JOBURG - The Rand Show has come a long way since its first displays of plants, flowers, fruit, table arrangements, posies and gardening equipment in 1894.

The entertainment spectacular will celebrate its 120th anniversary this year, and will do so in style.

“Initially only a display of horticulture, the first Rand Show still captured the imagination of early Joburgers,” said show spokesman Craig Newman.

That first show, the brainchild of the newly-instituted Witwatersrand Agricultural Society, was held at the Wanderers Club and saw local horticulturalists showing off their green thumbs.

“The society moved the show to a rough piece of state-owned veld next to Milner Park, what is today known as Wits University’s West Campus. Steep and rocky, it was the only piece of land that didn’t have gold claims attached to it,” said Newman.

That year’s show was opened by president of the Transvaal Republic, Paul Kruger, and some 900 participants made the rail journey up to the Highveld from as far away as the Cape Colony and Natal.

Visitors enjoyed displays of livestock, poultry, dairy products, bees, ornamental plants and trees, farming equipment, and wagons and coaches, the first exhibition by the Transvaal Kennel Club, and wild animal displays.

After the two Boer Wars put the show on hold, 1907 saw the show return with a bang.

The show received a further boost in 1936 when the Empire Exhibition, which coincided with Joburg’s 50th anniversary, contracted to use the Rand Show showgrounds at Milner Park.

This led to the construction of new exhibition halls, a new electrical system, roads and various other improvements to the showgrounds, including the iconic Tower of Light.

The exhibition lasted four months and attracted more than two million visitors.

“[This prompted] the agricultural society to up its game. In the decades that followed, the show [augmented] its agricultural displays with manufacturing and industrial displays and exhibits,” said Newman.

The show became South Africa’s flagship exhibition; its importance underlined by the dignitaries who opened it each year.
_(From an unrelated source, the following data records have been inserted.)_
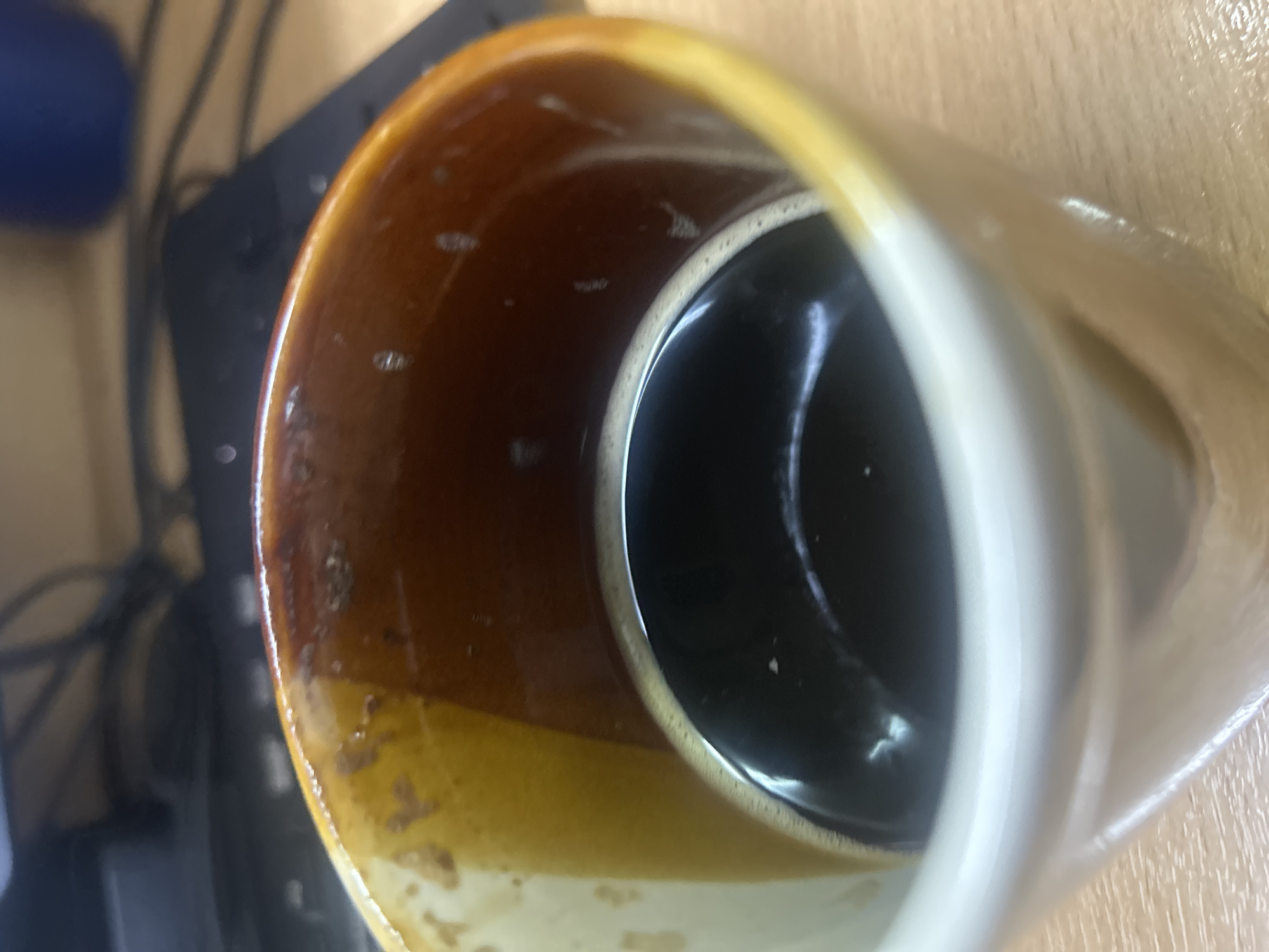 A close-up, angled shot shows the interior of a ceramic mug filled with a dark liquid, likely coffee or tea. The mug is light brown and tan on the exterior, with a darker brown glazed interior. The liquid has a few bubbles around the rim. The mug appears to be sitting on a light-colored, possibly wooden, surface. To the left of the mug is part of a black object, possibly a keyboard or another electronic device, along with some wires. The focus is sharpest on the inside of the mug, with the background slightly blurred. There are no identifiable people or indications of the city of Guayaquil, Ecuador, in the image.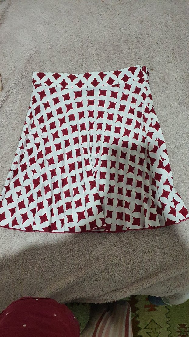 Yumuşak sentetik kumaştan kırmızı pilili midi etek, renkli geometrik desenli, konvansiyonel ve dar kesim, günlük kullanım için uygundur.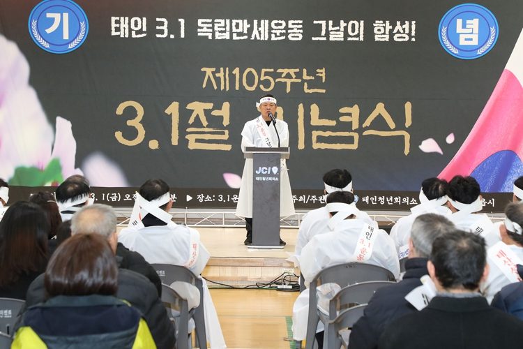 이후 태인초등학교에서 열린 행사는 태인 3·1운동 유가족 대표 윤대식 씨의 기미독립선언서 낭독을 시작으로 3·1절 노래 제창, 만세삼창 등이 진행됐다. 더불어 손태극기 나눔행사, 태극기 사랑 캠페인 등 부대행사도 있었다.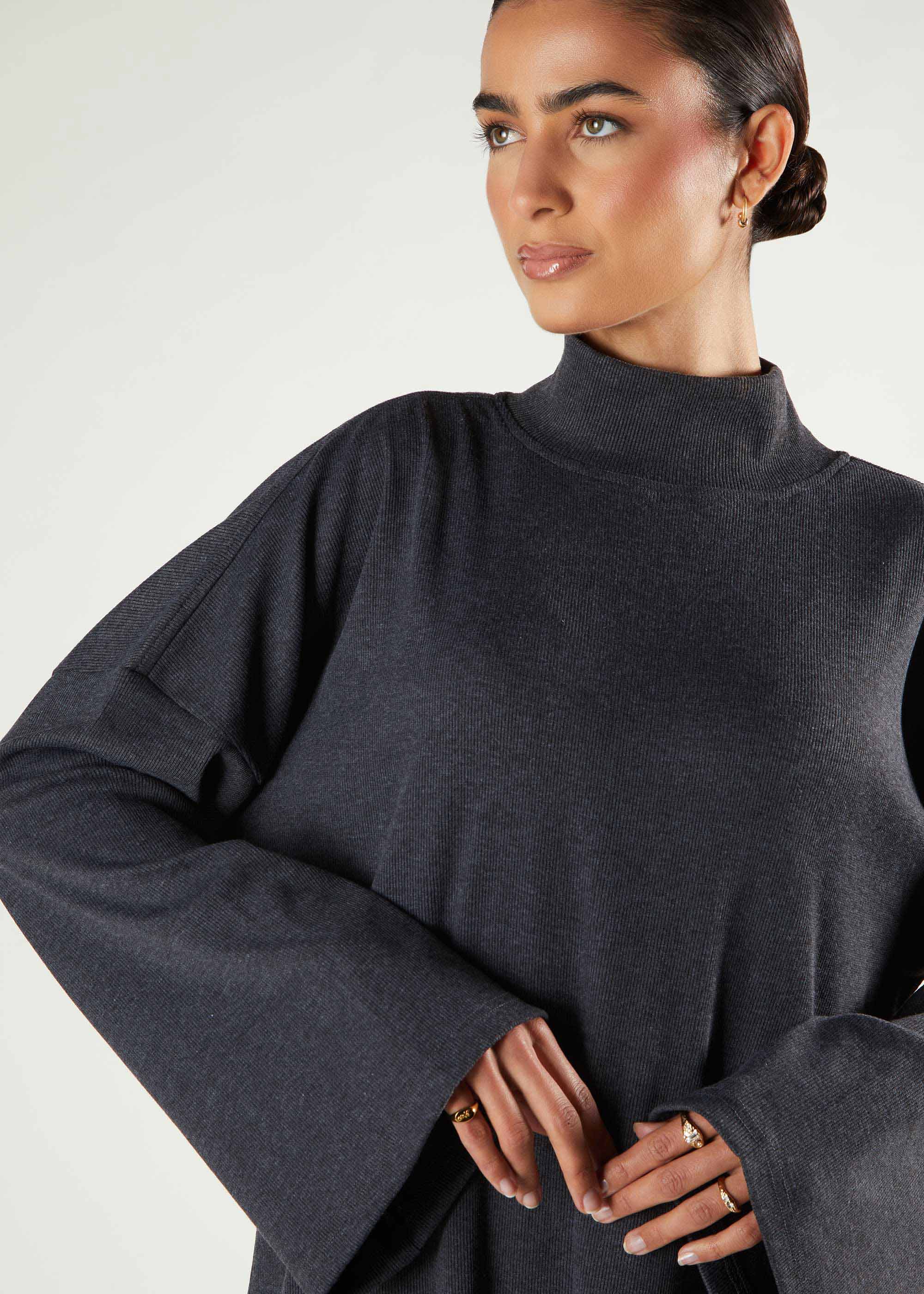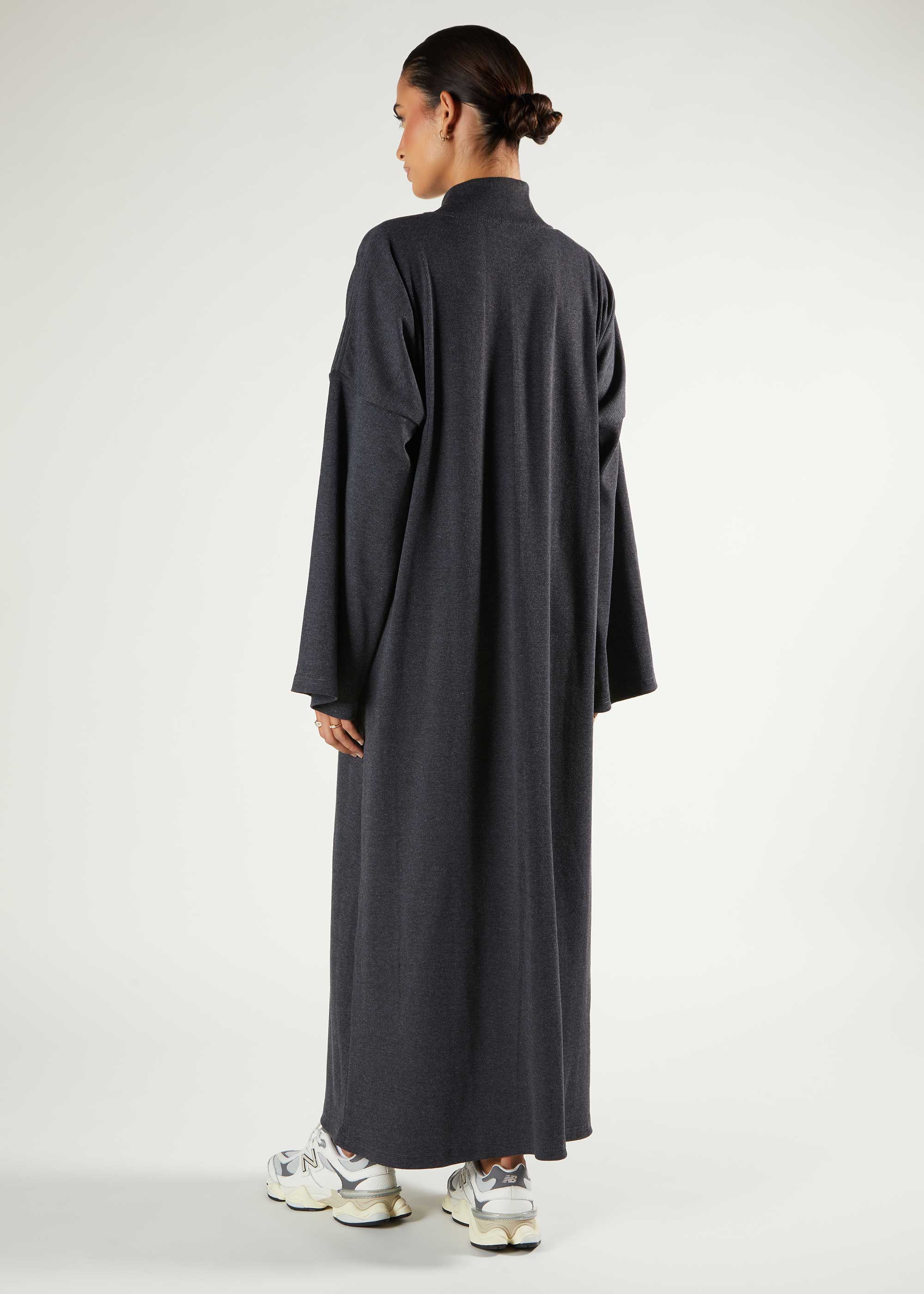Made from fine ribbed fabric, this essential mid-weight abaya is perfect for layering with outerwear, providing warmth throughout the cooler seasons. Featuring a loose fit and subtly wider sleeves, it comes in three versatile neutral shades for effortless styling.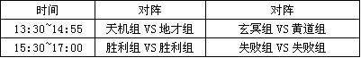 每月的第2周(周日)13:00截止报名,同时将每个阶次(等级段)的玩家按照总经验尽量平均的分配到4个组别中,分别是天机组、地才组、玄冥组、黄道组。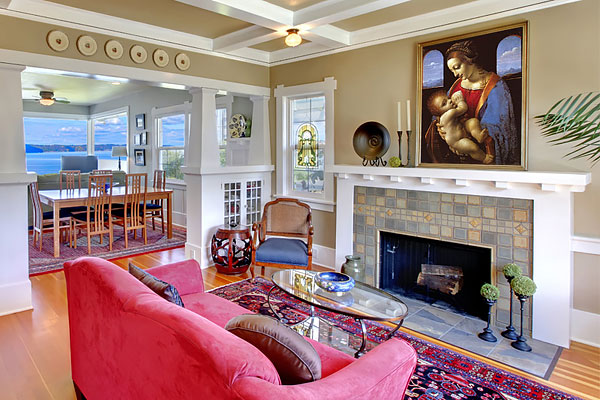 После того как картина выбрана, остается найти для нее достойное место. При этом важно помнить – полотно, расположенное по центру стены, организовывает пространство и в то же время притягивает к себе максимум внимания.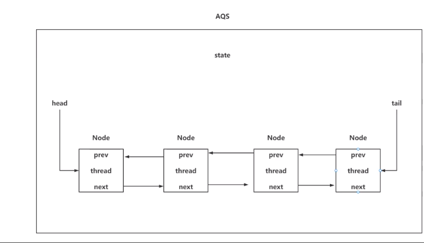 AQS的双向链表是什么? 基于内部类Node实现,Node中包含上一个、下一个、线程;Node类型的头和尾在AQS中维护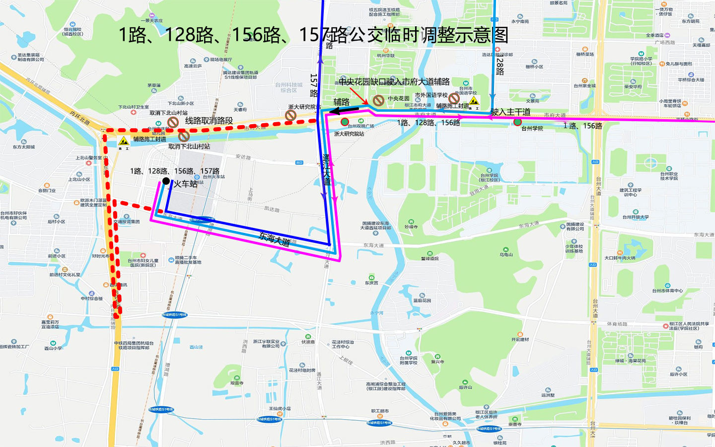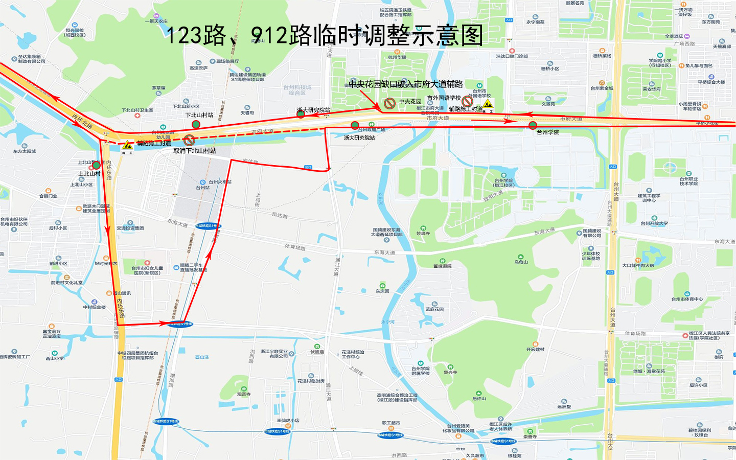 三、123路、912路西往東(黃巖往椒江方向):調(diào)整繞行內(nèi)環(huán)東路輔路、體育場路、璟湖路、安達路、通江大道接原線路。東往西(椒江往黃巖方向):調(diào)整由中央花園附近道口駛?cè)胼o路接原線路。

In 1947, King George did the honours, with Queen Elizabeth and princesses Elizabeth and Margaret in tow.

In 1950, General Jan Smuts opened the show for the eighth time.

In 1957, the show was opened by Sir Ernest Oppenheimer, and in 1962, fell to the first president of the new Republic, CR Swart.

The Rand Show will take place from 18 until 28 April at the Joburg Expo Centre, Nasrec.